Prompt: Apart from the pictures, which must be omitted, restate the data exactly.

------------------------------------------------------------

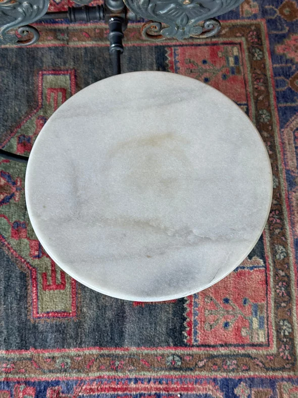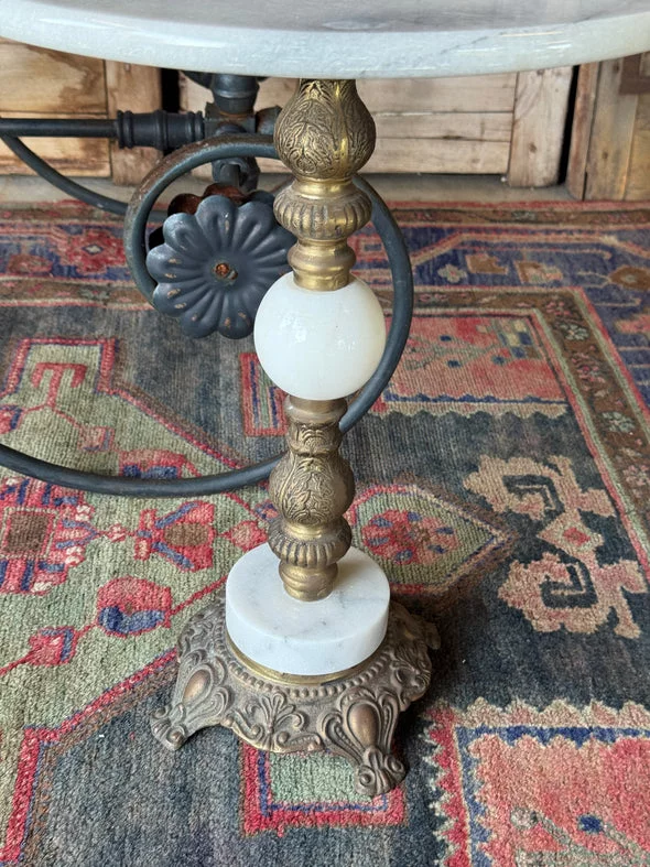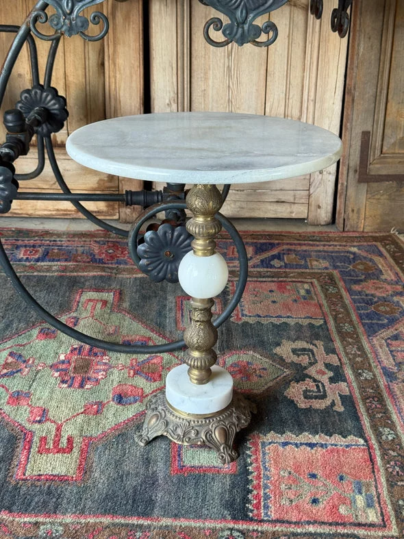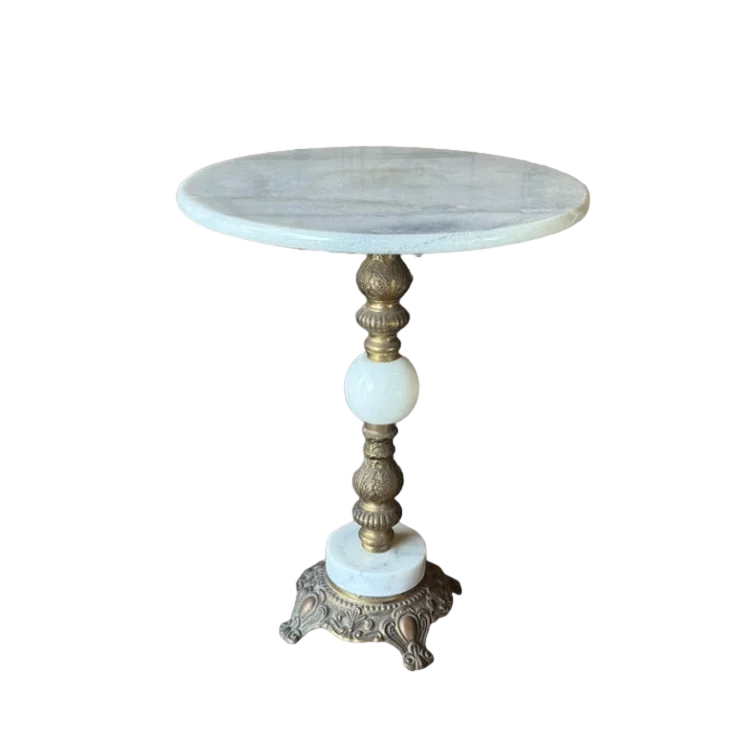 Pre-owned & Refurbished VINTAGE - Marble Top Side Table with Brass And Stone Detailing | Collecte
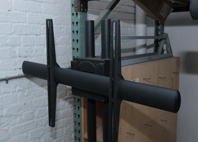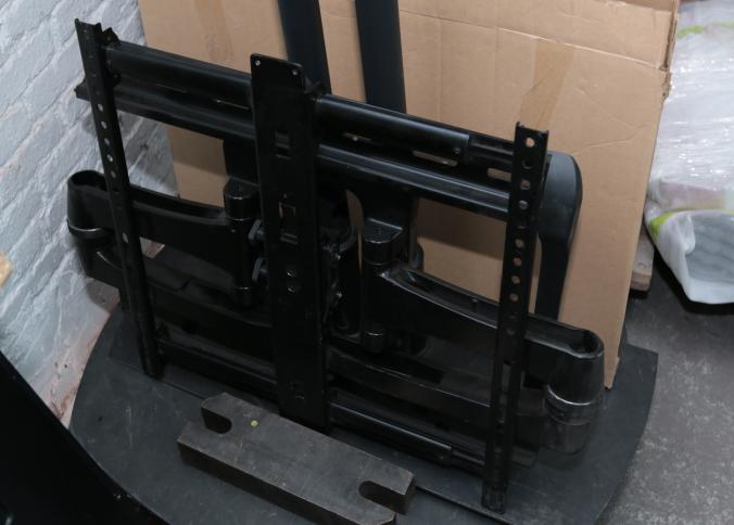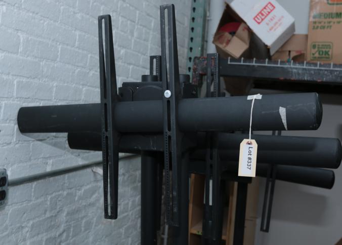 Four Metal adjustable freestanding pedestal flat screen TV stands, tallest being approx 84" tall. Pickup can be completed on both days.
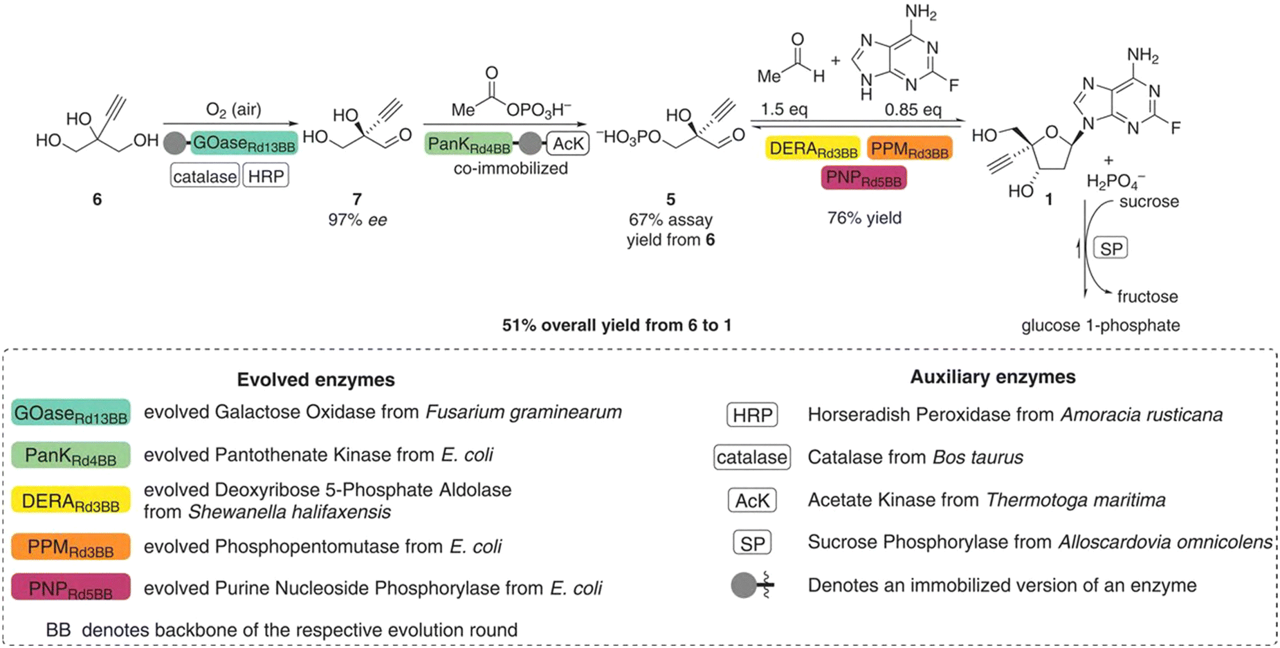 Similarly, the antiretroviral islatravir was synthesized via a multienzymatic cascade involving five engineered enzymes and four auxiliary enzymes (Scheme 25).404 The process starts with 2-ethynylglycerol oxidation by a galactose oxidase variant, with the resulting hydrogen peroxide byproduct decomposed by catalase and horseradish peroxidase. Next, a pantothenate kinase variant regioselectively phosphorylates the sensitive aldehyde intermediate using ATP, which is recycled from acetyl phosphate through acetate kinase. This phosphorylated aldehyde undergoes an aldol reaction with acetaldehyde, catalyzed by a deoxyribose 5-phosphate aldolase variant. A phosphopentomutase variant shifts the phosphate group from position 5 to 1. Finally, a purine nucleoside phosphorylase variant couples 2-fluoroadenine to the deoxyribose derivative. To drive product formation, sucrose phosphorylase removes phosphate from the last three steps. This aqueous approach achieved a 51% yield with no intermediate isolation, while improving atom economy and halving the total number of steps.399,404
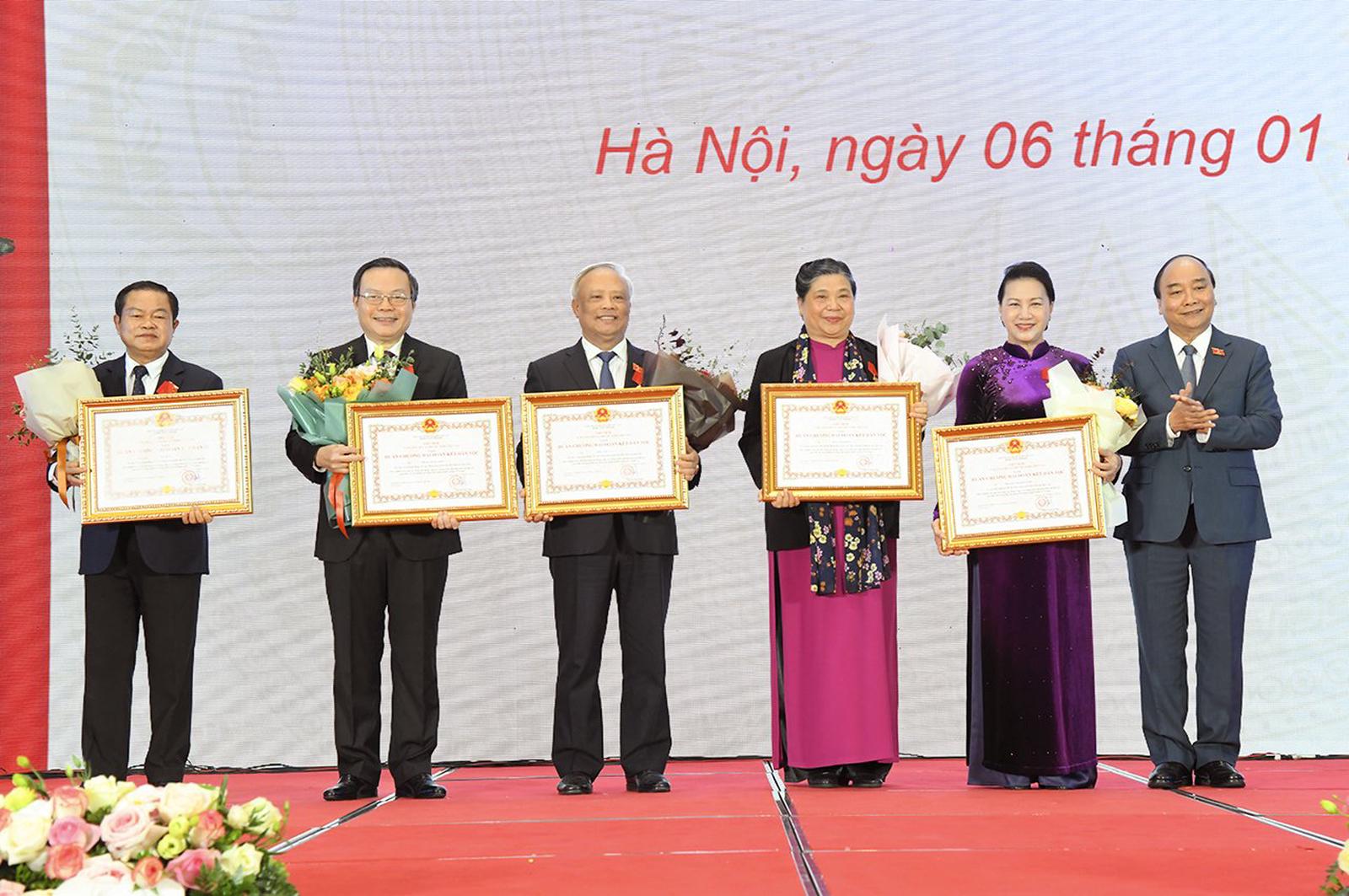 Lãnh đạo Quốc hội nhận Huân chương Đại đoàn kết dân tộc có Chủ tịch Quốc hội Nguyễn Thị Kim Ngân và các Phó Chủ tịch Quốc hội là các ông, bà: Tòng Thị Phóng; Uông Chu Lưu, Phùng Quốc Hiển, Đỗ Bá Tỵ.
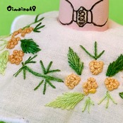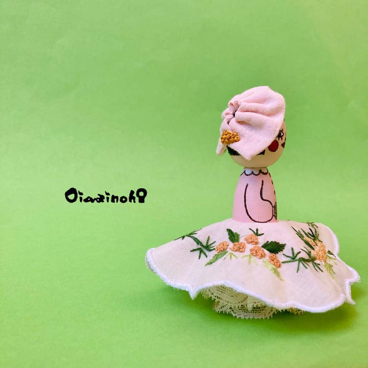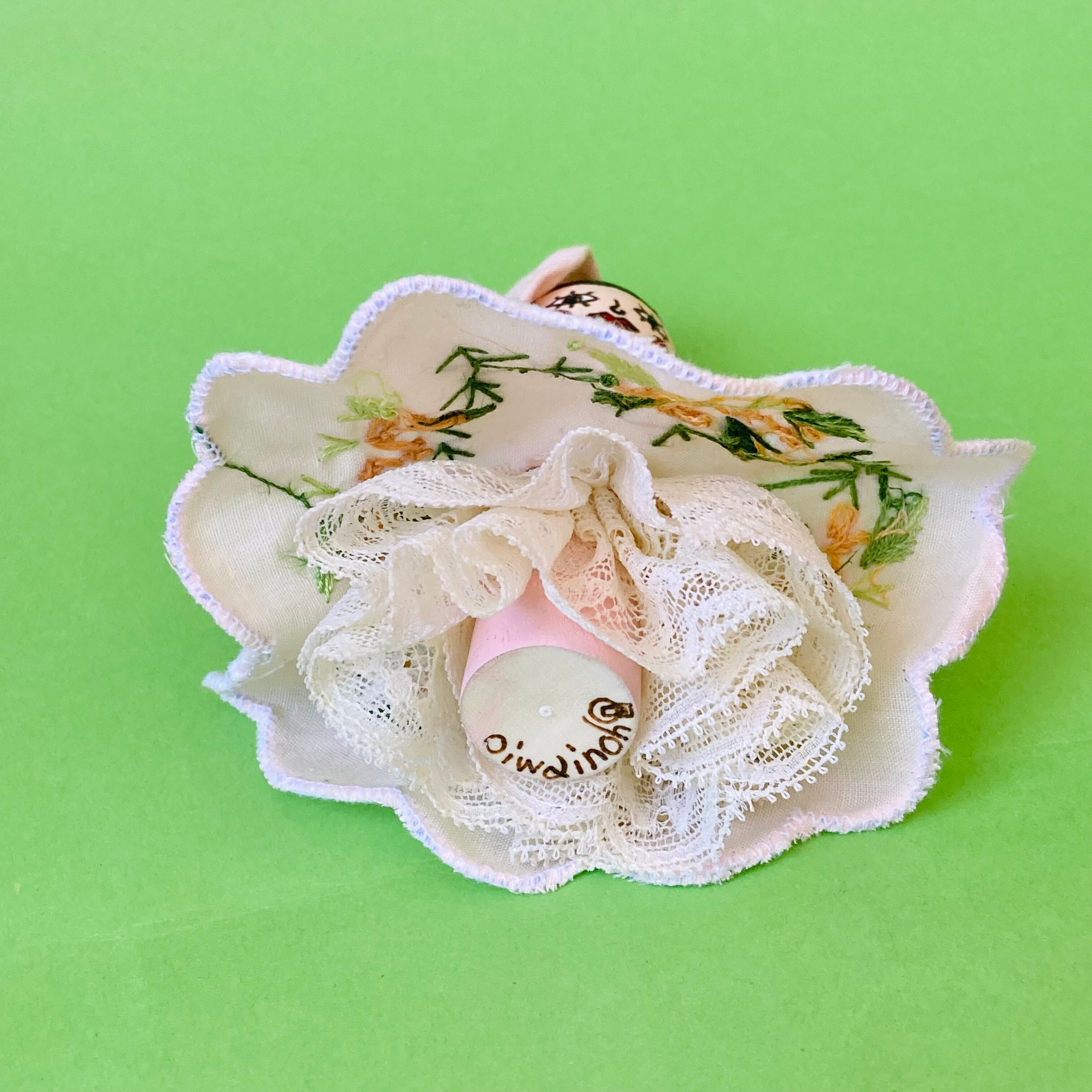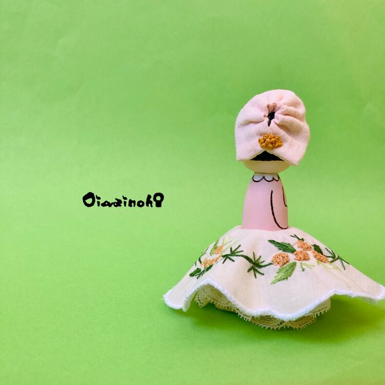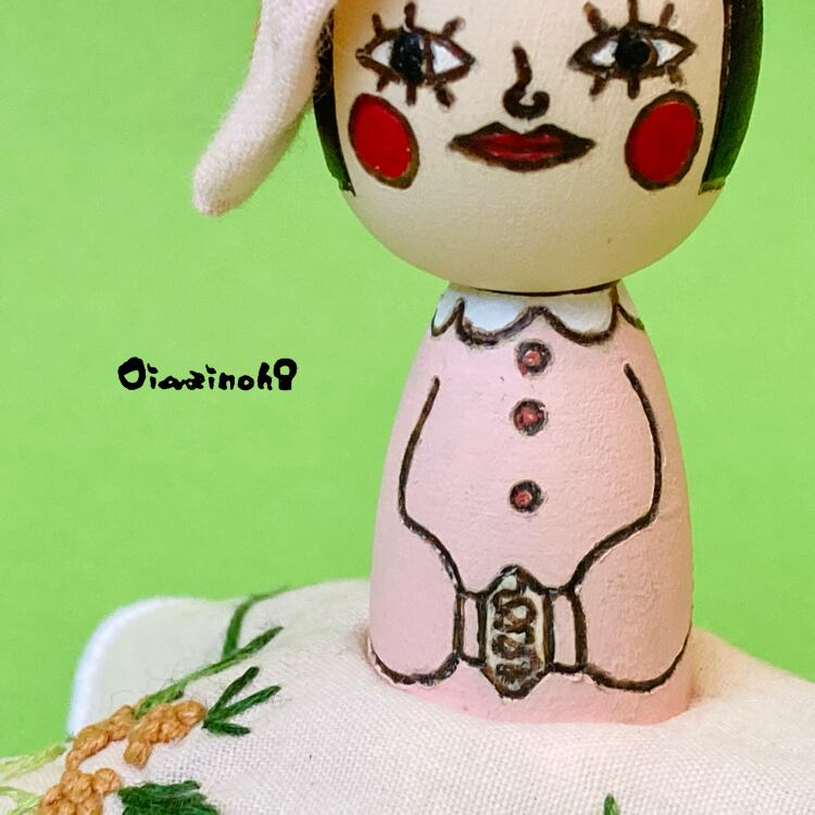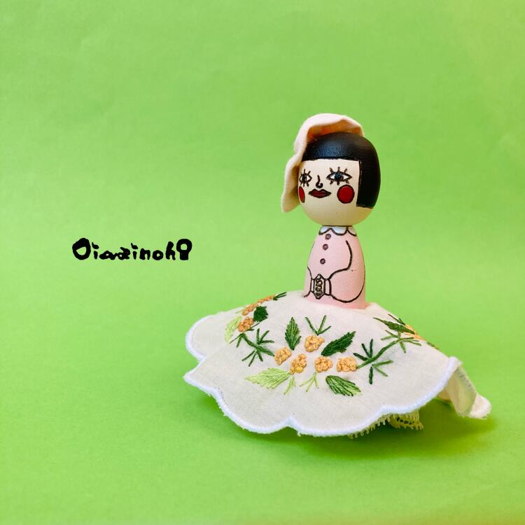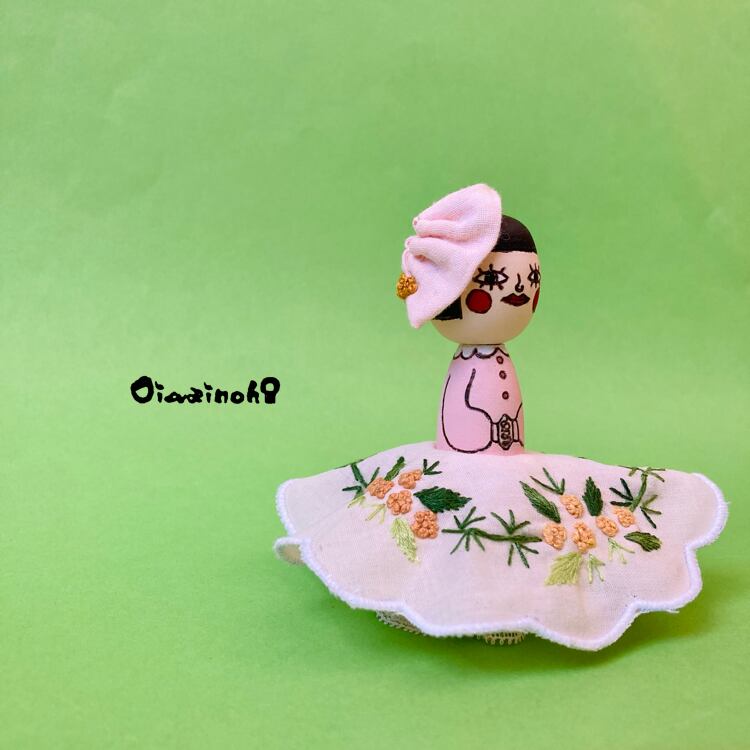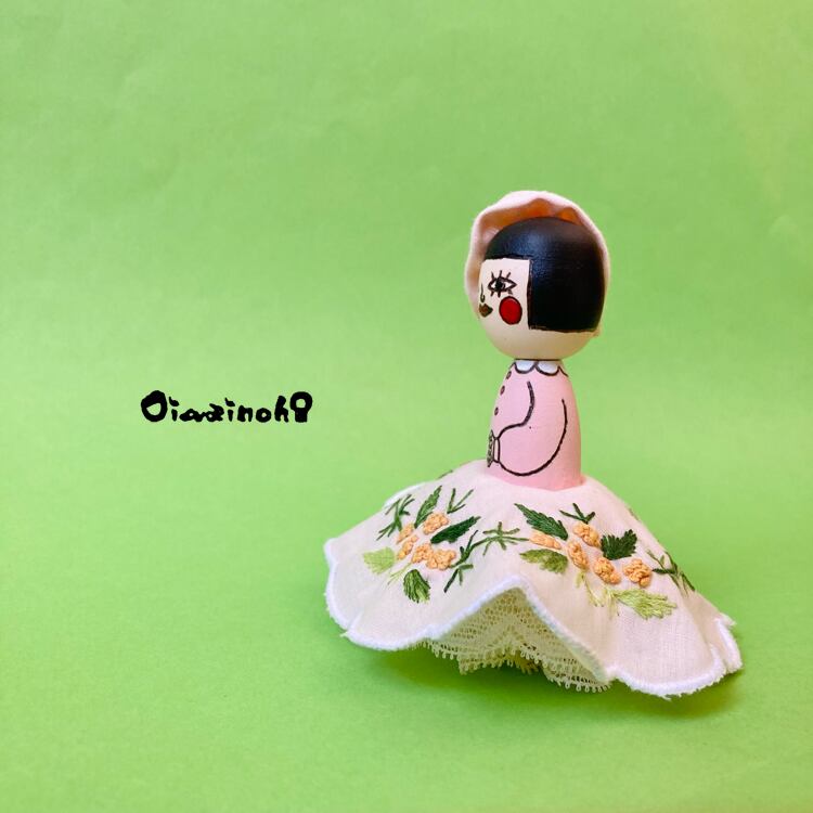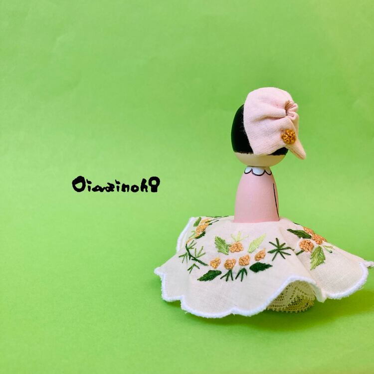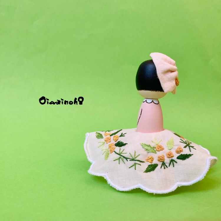 This little Kokeshi daughter is a spring-colored princess in an embroidered dress with a lovely mimosa motif.

------------------------------------------------------------

Result of this exercise:
 Pre-owned & Refurbished VINTAGE - Marble Top Side Table with Brass And Stone Detailing | Collecte
 Four Metal adjustable freestanding pedestal flat screen TV stands, tallest being approx 84" tall. Pickup can be completed on both days.
 Similarly, the antiretroviral islatravir was synthesized via a multienzymatic cascade involving five engineered enzymes and four auxiliary enzymes (Scheme 25).404 The process starts with 2-ethynylglycerol oxidation by a galactose oxidase variant, with the resulting hydrogen peroxide byproduct decomposed by catalase and horseradish peroxidase. Next, a pantothenate kinase variant regioselectively phosphorylates the sensitive aldehyde intermediate using ATP, which is recycled from acetyl phosphate through acetate kinase. This phosphorylated aldehyde undergoes an aldol reaction with acetaldehyde, catalyzed by a deoxyribose 5-phosphate aldolase variant. A phosphopentomutase variant shifts the phosphate group from position 5 to 1. Finally, a purine nucleoside phosphorylase variant couples 2-fluoroadenine to the deoxyribose derivative. To drive product formation, sucrose phosphorylase removes phosphate from the last three steps. This aqueous approach achieved a 51% yield with no intermediate isolation, while improving atom economy and halving the total number of steps.399,404
 Lãnh đạo Quốc hội nhận Huân chương Đại đoàn kết dân tộc có Chủ tịch Quốc hội Nguyễn Thị Kim Ngân và các Phó Chủ tịch Quốc hội là các ông, bà: Tòng Thị Phóng; Uông Chu Lưu, Phùng Quốc Hiển, Đỗ Bá Tỵ.
 This little Kokeshi daughter is a spring-colored princess in an embroidered dress with a lovely mimosa motif.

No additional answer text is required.